Perhaps flushed with pride at the country’s recent appearance in the pages of a Frederick Forsyth novel, Guinea Bissau fact continues to emulate fiction.  According to Reuters, Bubo Na Tchuto has been re-appointed as the country’s new Navy head.  This despite his alleged role in an earlier coup attempt and the inclusion of his name on a US list of people believed to be intimately involved with the narcotics trade in Guinea Bissau.

It is increasingly hard to read the signals from Bissau. The Prime Minister continues to sing from a hymn sheet broadly acceptable to the international donors and organisations concerned with stabilisation and development in Guinea Bissau, but the actions of the Government continue to be at odds with his words. The PM knows that Guinea Bissau’s image needs some serious polishing, and he has set about improving accountability and transparency within his sphere of influence within the Government. But the continued tenure of Antonio Injai, the new Chief of the Defence Staff following the 1 April mutiny, and the re-appointment of Bubo suggest that the politics of the ruling elite in Bissau has still not settled down. It is reasonable to expect more instability and disturbance from Bissau over the coming months, not least as the various factions seem to be out courting different international partners ranging from the European Union to Iran and Libya.
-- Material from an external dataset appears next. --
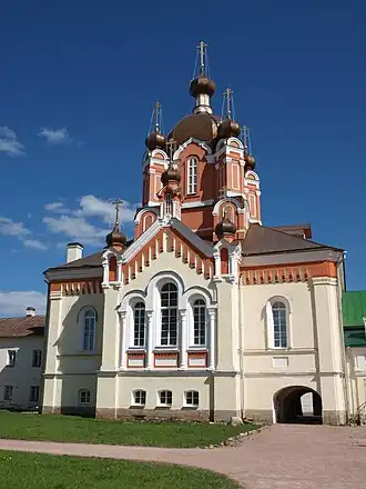 Первый храм, стоявший на этом месте, был возведён в 1699—1702 года в северо-восточной части келейных корпусов монастыря и назывался Покровским. В 1871—1877 годах старое к тому времени сооружение было капитально перестроено по проекту архитектора Николая Бенуа. Обновлённую церковь назвали в честь Воздвижения Креста Господня. Её увенчало новое высокое пятикупольные завершением эклектичной архитектуры. Основание церкви акцентировано центральным ризалитом со щипцом, венчающий карниз декорирован машикулями, перекликающимися с машикулями Никольской восточной воротной башни. Высокие полуциркульные окна придают основанию массивность. Над ним возвышается высокое пятиглавие с закомарами и малыми луковичными главками. Воротный проезд не акцентирован, расположен не в центре, а в южной части здания[1].

Sailing serenely through these decidedly troubled waters is Angola. A series of top level Bisssau Guinean military and civilian visitors have called at Luanda in recent months, and it seems clear that Angola is keen to partner many of them. Angola has commercial interest in Guinea Bissau for sure, but it is perhaps the case that Angola is also looking for a trouble spot in which to assert itself as a force for good. The African Union has appointed an Angolan as its Special Representative in Bissau, and Luanda seems to be doing a fairly good job of playing all sides. The jury is out on why Angola is engaging – beyond the obvious Lusophone connections. The proof of this particular pudding may well lie not in why they engage, but in what they do. Despite the oft repeated commitment of many to security sector reform in Guinea Bissau, the real issue is in fact military reform. If Angola can reign in the military, then they will have done something useful.

But Angola doesn’t have a free hand. Nigeria has recently woken up to Angola’s interest in Bissau. Long just about cordial rivals facing each other across the Gulf of Guinea, Nigeria is unlikely to welcome a heavy Angolan footprint in Guinea Bissau. Angola’s apparent willingness to contribute to a military stabilisation force is likely to annoy Nigeria. But if the threat of doing so wakes Nigeria up to the problem in its backyard, it may yet prove the catalyst for better preventive action by the regional grouping, ECOWAS.